Quanto era folle Balzac
Le spezie da Mille e una notte borghese nell’antibiografia scritta da Peter Brooks sullo scrittore ottocentesco francese
Verso la fine del secolo scorso, la concezione austera e formalista della letteratura ci è venuta a noia. Avevamo di nuovo bisogno di storie, eccessi, melodrammi. Allora abbiamo riscoperto Balzac; non più un Balzac ridotto a funzioni narratologiche, ma gustato con tutte le sue spezie da Mille e una notte borghese. Oggi Peter Brooks, pensando alle “stagioni”, ai prequel e agli spin-off della “Commedia umana”, ne fa l’antenata delle serie. Su questo paragone si apre il suo Vite di Balzac (Carocci), dall’autore definito “un’antibiografia”. Non si tratta cioè di un libro che, sulla scia del Sainte-Beuve avversario di Balzac, collega l’opera con la biografia; ma non è neanche un’algida analisi strutturale. L’idea è invece quella di seguire le storie dei personaggi balzachiani senza schiacciarli sotto il peso della teoria, e prendendo sul serio le esperienze che ci propongono.

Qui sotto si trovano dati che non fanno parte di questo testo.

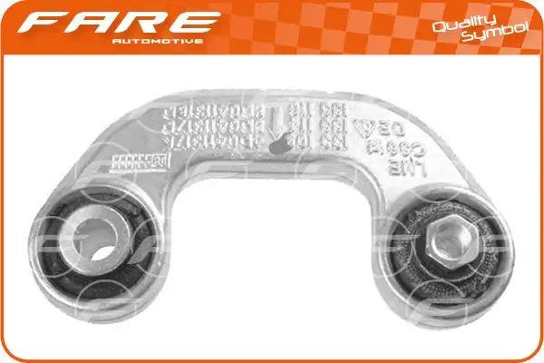 Bielette suspension FARE F0997A Critères Barre/montant : Barre d'accouplement Endroit d'assemblage : Essieu avant droit Épaisseur [mm] : 38 mm Hauteur [mm] : 32 mm Longueur [mm] : 125 mm
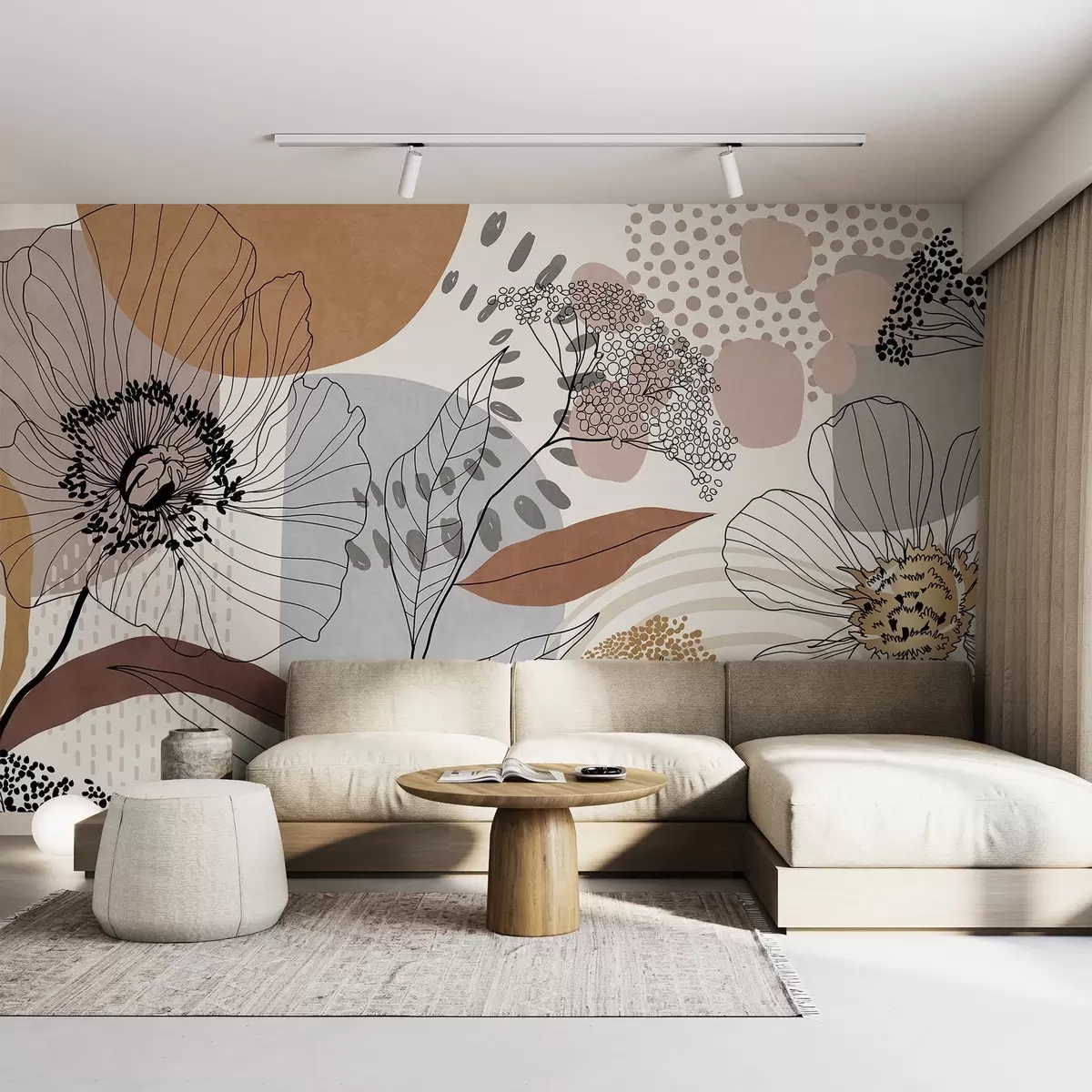 Fotomurales Estampado abstracto con textura floral, flores de trazo fino, hojas y formas orgánicas en tonos apagados de marrón, beige y gris. Nr. w09548
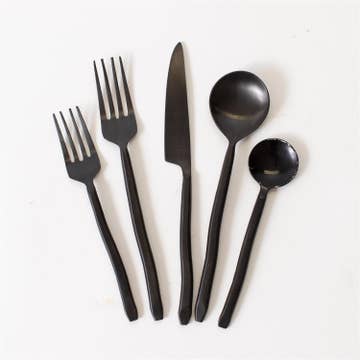 Hand forged in Moradabad, a city in India known for metal craftsmanship, our Tides Flatware is a testament to timeless quality. Hand-forged from stainless steel, it boasts a distinctive distressed matte black finish that proudly bears the authentic marks of their skilled makers. With an effortless look for everyday tablescapes, it also adds timeless luxe when dressed up for special occasions. Each place setting is sold and packaged individually to give you the flexibility to buy the exact number to suit your entertaining needs. Each box includes a dinner knife, dinner fork, dinner spoon, salad fork and teaspoon ranging in size from 7.25" to 9.5". Hand wash recommended.
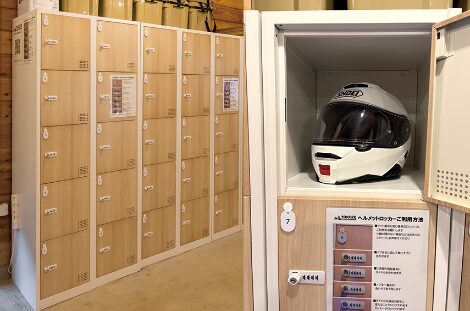 ヘルメットが収納できる、大容量の鍵付きロッカー(幅32cm×高さ33cm×奥行44cm)を無料でご利用できます。
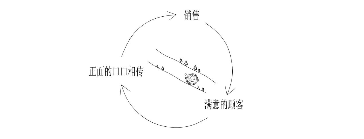 产品口口相传就能有滚雪球效应(大众汽车的甲壳虫车型和苹果公司的iPod都是如此),满意的顾客告诉别人去购买产品,更多满意的顾客又告诉更多的人。下面就是口口相传增加销售和满意度的正反馈示意图(如图11所示):
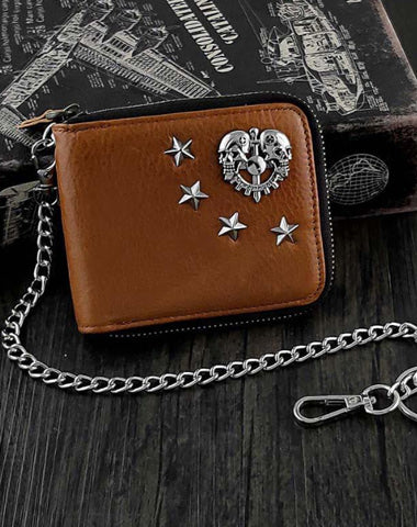 Style: Badass Brown Leather Men's Bifold Small Biker Wallet Chain Wallet Wallet with chain For Men
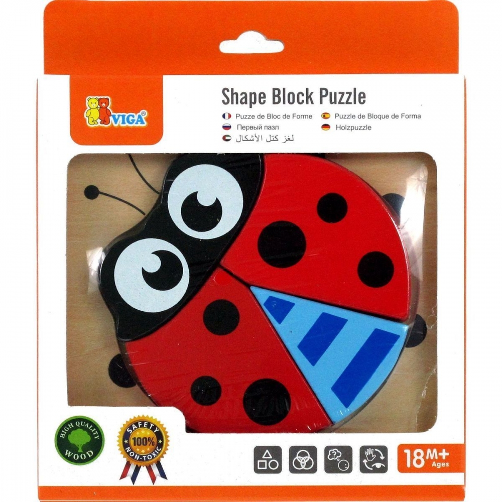 Dřevěné puzzle - vkládačka pro nejmenší s motivem berušky. Rozměry berušky cca 10 x 11 cm. Rozměry balení cca 15,5 x 18 x 2 cm. Věk 18m+
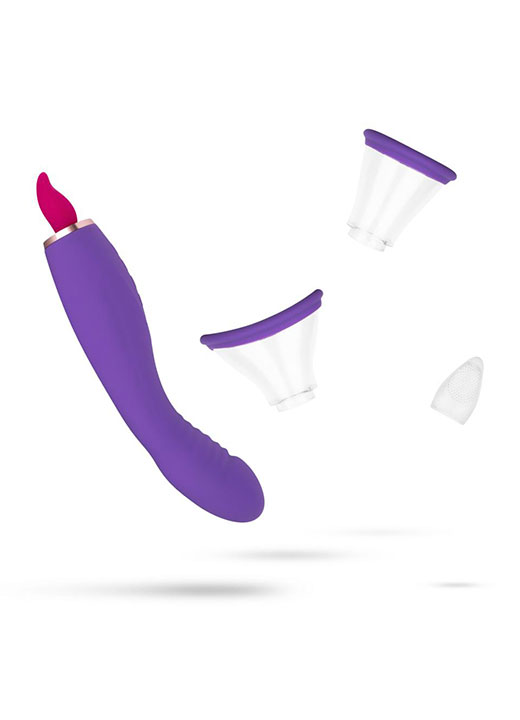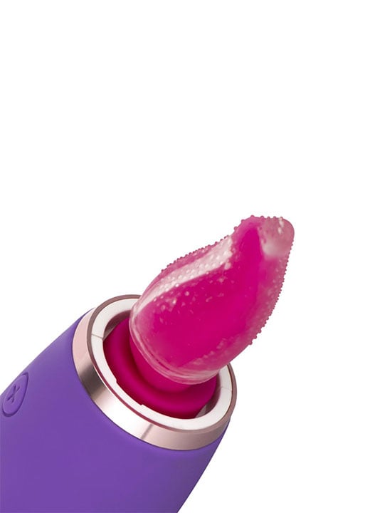 På den ene siden av leketøyet finner du en pirrende tunge som kan brukes mot klitoris, som beveger seg opp og ned og har 7 ulike intensitetsnivåer. På den andre enden av enheten finner du en g-punktvibrator, med 10 vibrasjonsmoduser og riller for ekstra nytelse. Med muligheten til å styre hver funksjon separat, kan du tilpasse opplevelsen akkurat slik du ønsker det!
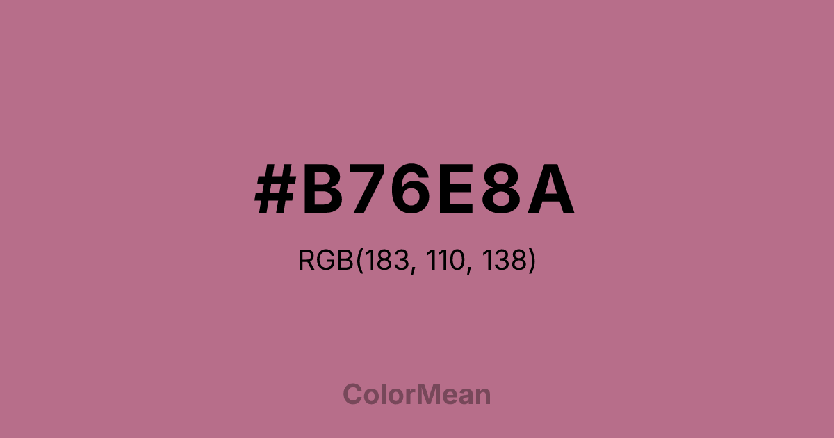 #B76E8A RGB value is (183, 110, 138). The hex color red value is 183, green is 110, and blue is 138. Its HSL format shows a hue of 337°, saturation of 34 percent, and lightness of 57 percent. The CMYK process values are 0 percent, 40 percent, 25 percent, 28 percent.
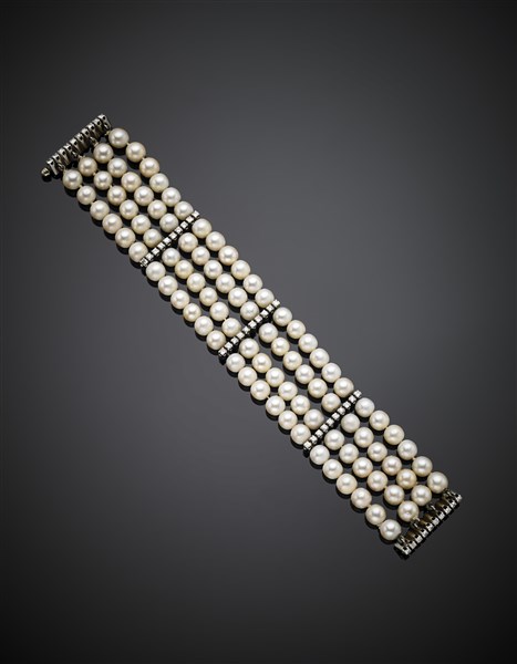 Bracciale a quattro fili di perle con chiusura e distanziatori in oro bianco e diamanti per complessivi ct. 0,70 circa, g 49,29, lungh. cm 17,70 circa.

Una particolare attenzione viene dedicata ai caratteri femminili: ad esempio alla Henriette del Giglio della valle, i cui impulsi repressi esplodono strazianti e osceni sul letto di morte; o alla Duchessa di Langeais, che può sottrarsi alla violenza implicita delle relazioni aristocratiche solo tramite la violenza aperta del suo corteggiatore. Nella galleria ci sono anche i due giovani per eccellenza, che dalla provincia vanno a conquistare Parigi: il virile Rastignac, destinato a farcela, e l’androgino Lucien, destinato a soccombere perché troppo volubile. Ma a Brooks interessano di più le controfigure del romanziere, i tipi demiurgici che stanno dietro le quinte e muovono gli altri come pedine. La definizione si adatta in primo luogo a Vautrin. Questo hegeliano sui generis insegna ai suoi protetti che si può passare con indifferenza dalla malavita alla polizia, così come i giornalisti insegnano a Lucien che “le idee sono bifronti”, e che bisogna imparare a scrivere un articolo pro e uno contro lo stesso libro.

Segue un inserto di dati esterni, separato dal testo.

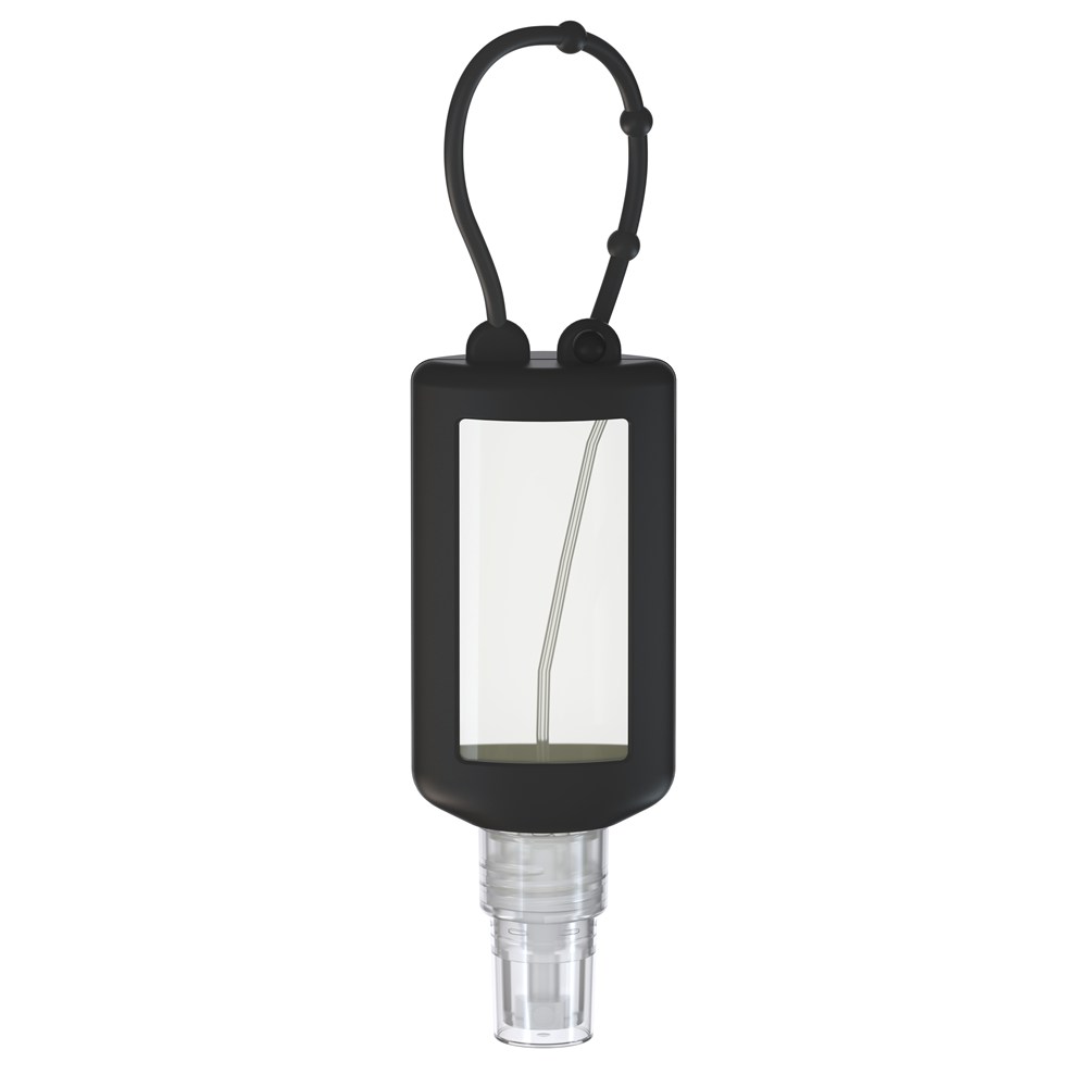 50 ml Flasche aus 100% recyceltem PET, transparent mit leichter R-PET-Färbung. Mit Pumpaufsatz "transparent" mit Schutzkappe; Silikonhülle und Schlaufe in schwarz. Nachfüllbar.
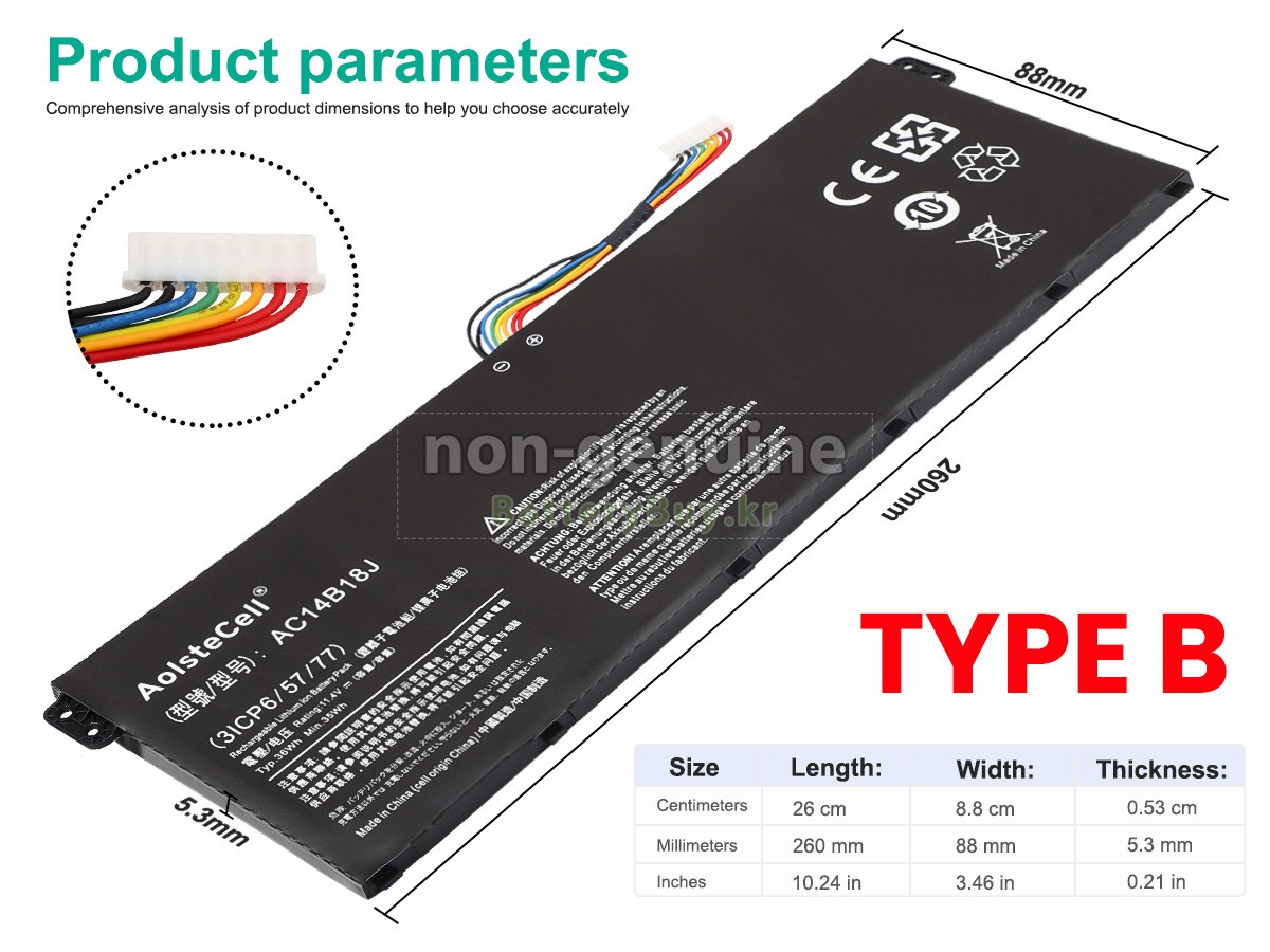 2 고객님의 원 Acer Aspire ES1-332 배터리의 전압과 용량이 당사 제품과의 일치여부를 확인 후 당사의 확대 이미지에서 인터페이스, 대체적인 모양의 일치 여부를 확인하십시오.
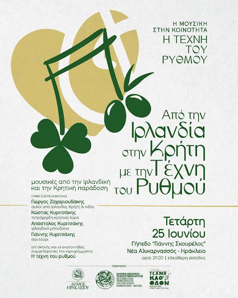 20:30 «Από την Ιρλανδία στην Κρήτη με την τέχνη του ρυθμού»: με μουσικές παραδόσεις της Ιρλανδίας και της Κρήτης. Οι συμμετέχοντες του προγράμματος «Η Τέχνη του ρυθμού στην εκπαίδευση – Η Μουσική στην Κοινότητα», συμπράττουν επί σκηνής με τους μουσικούς Κώστα Κυριτσάκη (τετράχορδη κρητική λύρα), Κώστα Μακάκη (κρητικό λαούτο) και Γιώργο Ζαχαριουδάκη (αυλοί)
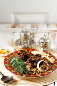 Nasi Kebuli (Kabuli Rice), Pilaf arabski lub indyjski z żeberkami lub jagnięciną wołową, na drewnianym stole

Parole e denaro diventano qui mezzi di scambio formidabili. Non a caso un altro demiurgo, nel mondo protocapitalista di Balzac, è l’usuraio Gobseck, che sfrutta i desideri altrui restando impassibile. Ha la saggezza compendiata dall’antiquario della Pelle di zigrino: il desiderio accorcia l’esistenza, quindi è meglio dedicarsi al “sapere”. Ma in Balzac anche la conoscenza, essendo faustiana, somiglia a un tentativo di dominio erotico e politico. I suoi intellettuali, anticipando quelli veri di fine ’800, inseguono l’Assoluto fino all’afasia e all’autodistruzione. Ogni loro progetto sfocia in un gioco a somma zero: l’istinto vitale è annullato dall’istinto di morte.
Brooks cita spesso Freud. Ma non è solo l’opera più filosofica dello psicanalista a ricordare la “Commedia umana”: è anche la sua maniera d’interpretare i minimi atti quotidiani. In una società non più divisa in caste come quella post napoleonica, per capire chi si ha davanti occorre fondare una nuova semiotica: e Balzac lo fa analizzando i modi di camminare, di parlare, d’indossare i guanti. Se tutte le sue narrazioni hanno qualcosa del giallo, è perché sono storie di decifrazione. Una decifrazione che l’autore, non meno folle di coloro che ha inventato, vorrebbe totale. In vent’anni Balzac scrive più di 90 tra romanzi e racconti, e crea 2.472 personaggi. Come i ciclisti, si regge solo se non si ferma. E forse, anche, solo se vive “nelle sue creazioni come uno dei suoi personaggi”, se resta cavia tra le cavie.
In questo è lontano dalla nostra epoca: a noi manca la sua energia desiderante, la sua fiducia in una visione organica dell’universo. E mancava già nel ’900, se è vero che un secolo fa, a descrivere dall’interno i sogni illusori di grandezza, è stato un narratore scarno come Fitzgerald. A proposito della confusione tra letteratura e vita, è significativo che Balzac si sia fidanzato con una sua fan, la contessa polacca Hanska. La sposò nel 1850 a Berdichev, in Ucraina, e poco dopo morì. La leggenda vuole che nell’agonia abbia chiesto l’aiuto del dottor Bianchon, una sua creatura.